REQUIRED WORK :: Set the material down again exactly, line by line, skipping each picture.

PROVIDED MATERIAL ::
■ ■ ■ ■

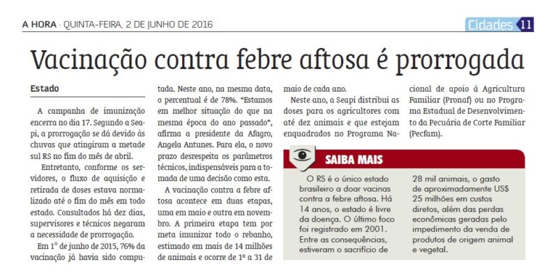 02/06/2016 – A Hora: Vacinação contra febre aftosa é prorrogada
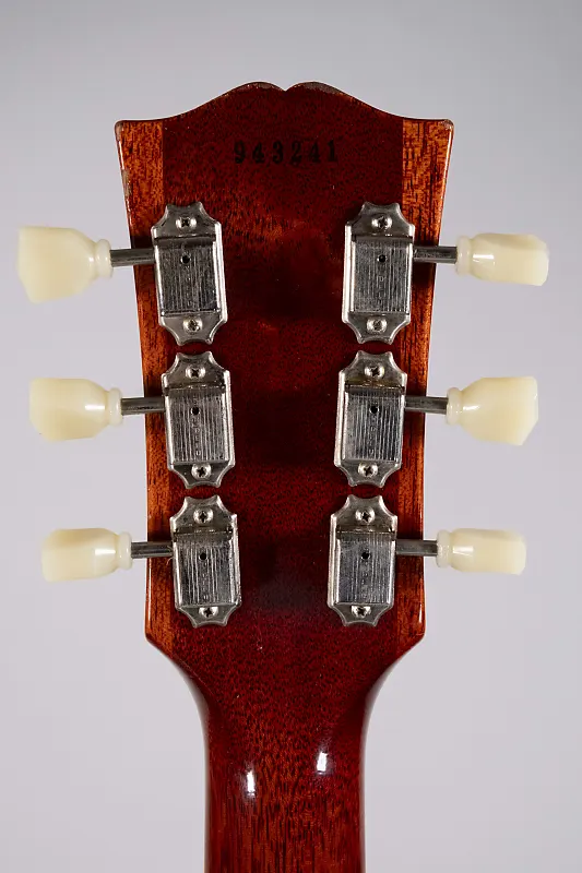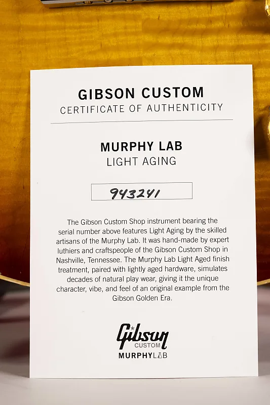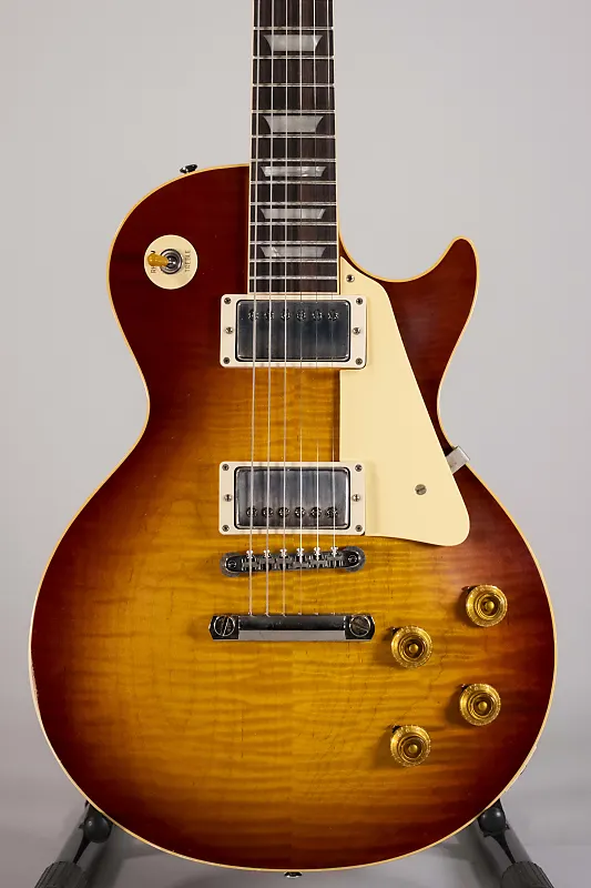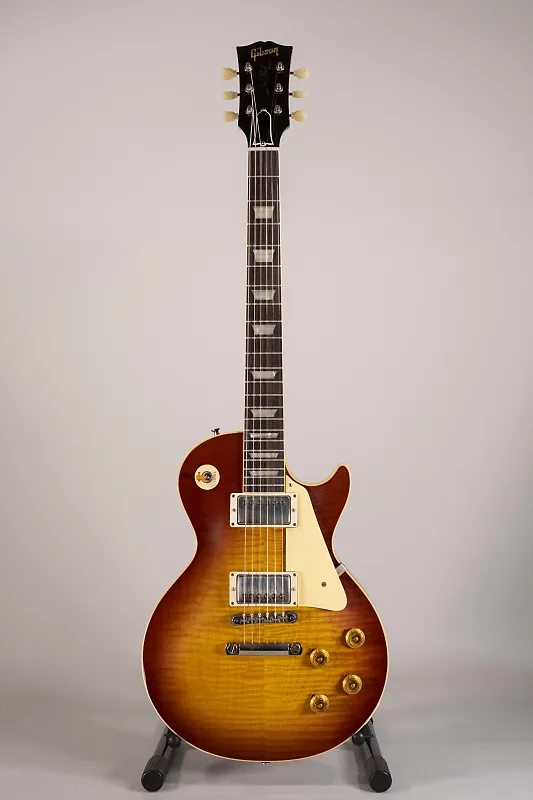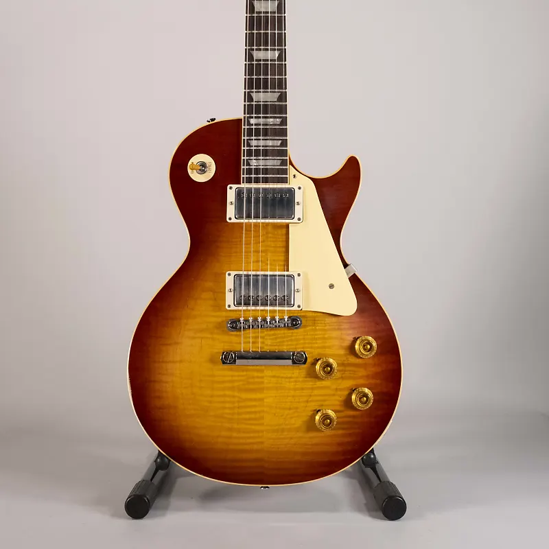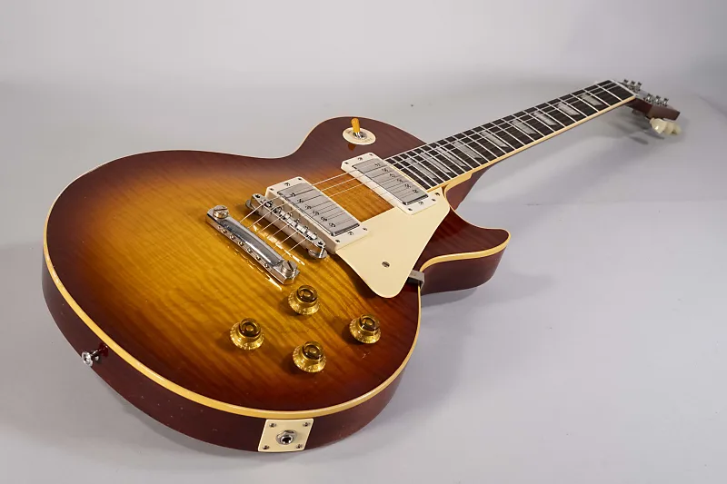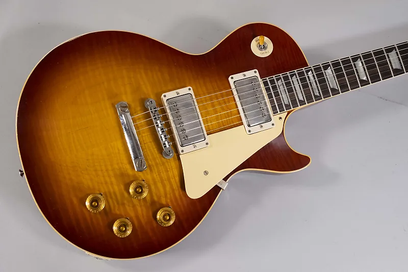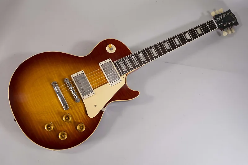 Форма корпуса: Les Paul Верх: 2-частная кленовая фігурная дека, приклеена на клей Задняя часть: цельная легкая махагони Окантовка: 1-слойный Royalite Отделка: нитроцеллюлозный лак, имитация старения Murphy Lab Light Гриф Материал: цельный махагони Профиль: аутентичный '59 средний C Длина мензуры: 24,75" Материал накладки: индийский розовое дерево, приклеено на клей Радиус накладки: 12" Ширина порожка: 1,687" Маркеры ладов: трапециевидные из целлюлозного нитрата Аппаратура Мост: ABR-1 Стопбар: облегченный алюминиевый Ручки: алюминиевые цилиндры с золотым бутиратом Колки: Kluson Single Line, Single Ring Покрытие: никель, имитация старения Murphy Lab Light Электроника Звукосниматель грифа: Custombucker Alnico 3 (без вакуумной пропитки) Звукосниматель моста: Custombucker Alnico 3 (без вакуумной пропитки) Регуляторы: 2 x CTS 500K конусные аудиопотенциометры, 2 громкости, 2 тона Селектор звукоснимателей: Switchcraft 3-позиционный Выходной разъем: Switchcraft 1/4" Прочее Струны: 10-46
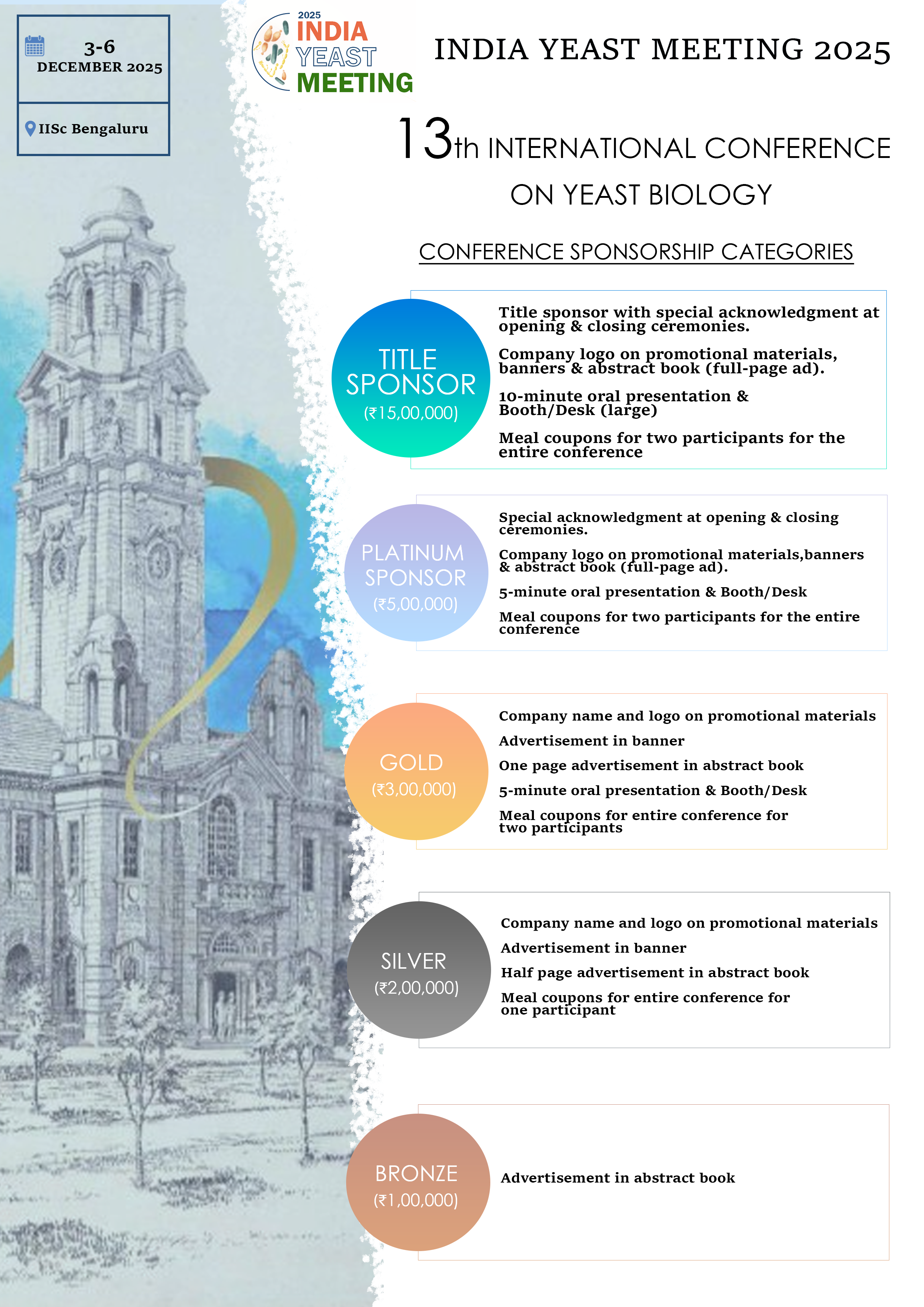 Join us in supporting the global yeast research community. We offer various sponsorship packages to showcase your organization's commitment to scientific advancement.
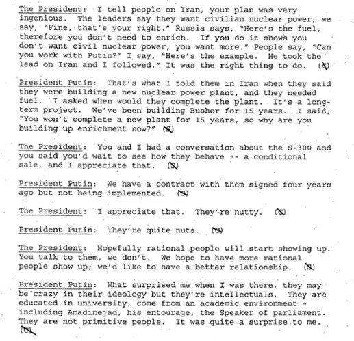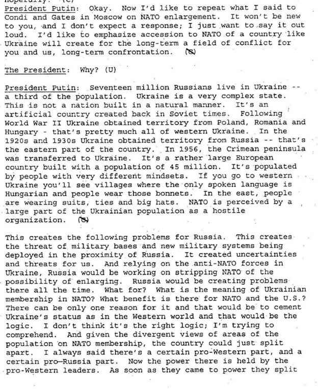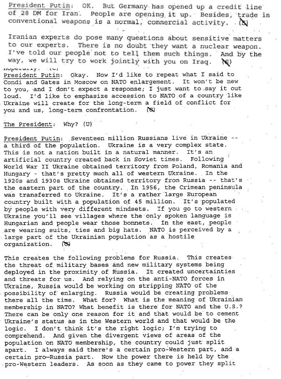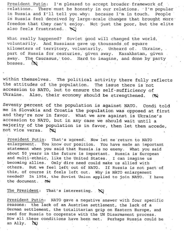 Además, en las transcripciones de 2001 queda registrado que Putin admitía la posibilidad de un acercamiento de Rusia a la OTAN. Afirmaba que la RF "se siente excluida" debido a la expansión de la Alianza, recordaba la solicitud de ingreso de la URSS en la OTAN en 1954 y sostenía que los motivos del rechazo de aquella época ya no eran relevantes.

■ ■ ■ ■

ANSWER TO THE PROBLEM ::
 02/06/2016 – A Hora: Vacinação contra febre aftosa é prorrogada
 Форма корпуса: Les Paul Верх: 2-частная кленовая фігурная дека, приклеена на клей Задняя часть: цельная легкая махагони Окантовка: 1-слойный Royalite Отделка: нитроцеллюлозный лак, имитация старения Murphy Lab Light Гриф Материал: цельный махагони Профиль: аутентичный '59 средний C Длина мензуры: 24,75" Материал накладки: индийский розовое дерево, приклеено на клей Радиус накладки: 12" Ширина порожка: 1,687" Маркеры ладов: трапециевидные из целлюлозного нитрата Аппаратура Мост: ABR-1 Стопбар: облегченный алюминиевый Ручки: алюминиевые цилиндры с золотым бутиратом Колки: Kluson Single Line, Single Ring Покрытие: никель, имитация старения Murphy Lab Light Электроника Звукосниматель грифа: Custombucker Alnico 3 (без вакуумной пропитки) Звукосниматель моста: Custombucker Alnico 3 (без вакуумной пропитки) Регуляторы: 2 x CTS 500K конусные аудиопотенциометры, 2 громкости, 2 тона Селектор звукоснимателей: Switchcraft 3-позиционный Выходной разъем: Switchcraft 1/4" Прочее Струны: 10-46
 Join us in supporting the global yeast research community. We offer various sponsorship packages to showcase your organization's commitment to scientific advancement.
 Además, en las transcripciones de 2001 queda registrado que Putin admitía la posibilidad de un acercamiento de Rusia a la OTAN. Afirmaba que la RF "se siente excluida" debido a la expansión de la Alianza, recordaba la solicitud de ingreso de la URSS en la OTAN en 1954 y sostenía que los motivos del rechazo de aquella época ya no eran relevantes.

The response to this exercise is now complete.